Note: MS-Windows 95/98/NT hard drives are easily cloned with utility software so that entire systems can be migrated onto larger hard drives or mirrored onto failover spares. Forcing users to recreate their OS platform all over again (OS, drivers, configurations, registration, etc.) to simply clone their systems is yet another reason why many companies are moving away from UNIX to Windows platforms.
Doesn't anyone out there have a better solution than re-installation?
Sorry, maybe I should have been more clear.
Option 1.

Step 1
In the normal HD add the second disk to the system. (mkdev hd).
This in only to add the necessary "/dev/xxx" files to the system. If you know how to create them by hand it may be better.

Step 2
Start the normal instalation on the spare HD.
Define the filesystems as you have in the online HD..
Once the filesystem are created abort instalation.
You now have the hd properly configured. (eventually, you will need to run dparam from the boot diskette to set up the boot sector properly, I do not remember. Read the manuals about this one.).

Step 3.
Now put both hd together as in step1.
Now supposing you have two filesystem

We need to copy each one to the second HD.
So and following the same process described before
mount the root filesystem of the spare hd to /mnt
and do a copy from every root entry "/" in the first HD except
for "/u" (use cpio with the proper options).
After this to the same with the "/u" filesystem

This will hopefully do the trik.

Option 2. Dangerous and not guaranteed to work.

Step 1
In the normal HD add the second disk to the system. (mkdev hd).
This in only to add the necessary "/dev/xxx" files to the system.

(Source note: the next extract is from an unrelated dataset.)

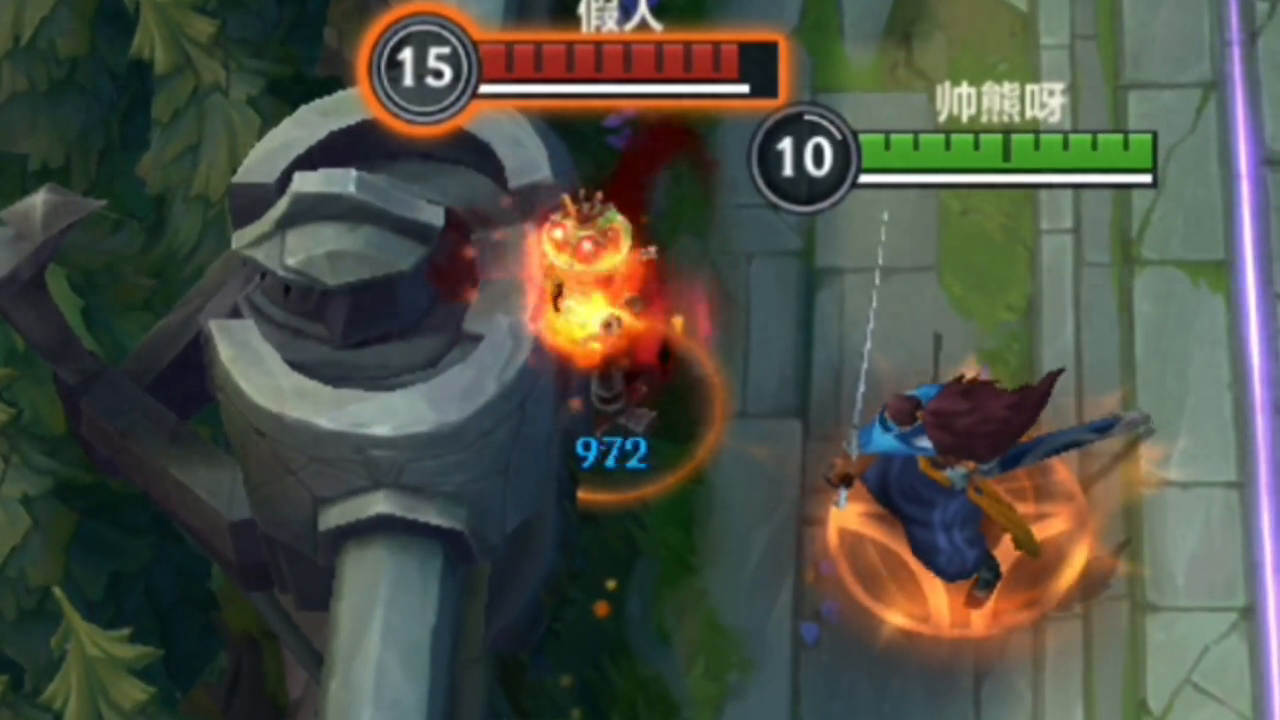·我方中路防御塔正在受到对小兵的伤害提升150%。可以看到,炮车的血量为908。同样地,该装备也提高了对野怪的伤害。这个被动可以同时作用于所有目标。对于野怪,该装备最多每秒造成125点伤害。如果将该装备与日炎斗篷配合使用,就可以形成双重燃烧效果。

If you know how to create them by hand it may be better.

Now do a "dd if=/dev/xxx of=/dev/yyy bs=256k"

Where xxx is the raw device of the whole first HD and yyy of the second.

This may work also, although if you have bad sectors you may encounter some problems.

Try it and then comment it again.

alanmcraeAuthor Commented:
This does clarify the technical steps required to "clone" a bootable SCSI drive under SCO OpenServer.  As a small VAR who strongly advocates Disaster Recovery Planning, however, I am still interested in a faster, more automated method for "hard drive cloning" under SCO. Hey VARs and Developers, doesn't anybody have a shrink wrap solution to fast duplication of primary UNIX hard drives? Gotta keep moving to keep all these systems up-and-running!